Answer:
$12,663.26
Explanation:
The computation of the minimum selling price is shown below
Semi-annual = 12% ÷ 2 = 6%
Semi-annual compounding periods = 5 × 2 = 10
Semi-annual coupon (for 10 bonds) = $10,000 × 6.6% x (1 ÷ 2) = $330
as we know that
We assume the selling price be S
Present worth (PW) of the bond= PW of future cash flows
$9,500 = $330 × P/A(6%, 10) + S × P/F(6%, 10)
$9,500 = $330 × 7.3601 + S × 0.5584
$9,500 = $2,428.83 + S × 0.5584
S × 0.5584 = $7,071.17
= $7,071.17 ÷ 0.5584
= $12,663.26
The increase in aggregate demand causes price expectations to rise.

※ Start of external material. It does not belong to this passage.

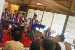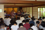 白山公園の一画にある燕喜館(えんきかん)の奥座敷での単独ライブ。登録有形文化財にもなっている歴史的建築物です。文化のかおり漂う建物の奥座敷での演奏には、当日偶然いらっしゃったお客様を含めとても多くのお客様にご来場いただきました。ご一緒に過ごしていただく2時間を少しでも楽にしていただこうと、座布団と椅子をゆったり配置したのですが、開演をお待ちの皆さんには前へおつめいただいた上、追加の座布団で脚もよく伸ばせない状態となり、大変申し訳ありませんでした。また会場に入れず、廊下などでお聴きいただいた皆さま、本当にありがとうございました。

An economy is a place of manufacturing, distribution, and alternate, in addition to intake of goods and offerings. In standard, it is described as a social domain that emphasizes the practices, discourses, and fabric expressions related to the production, use, and management of scarce resources.
Expenditure is the act or technique of expending.
Aggregate demand or a home's very last demand is the whole call for the very last items and offerings in a financial system at a given time. It is regularly referred to as effective demand, even though at other times this time period is outstanding. this is the call for the gross domestic made from a country.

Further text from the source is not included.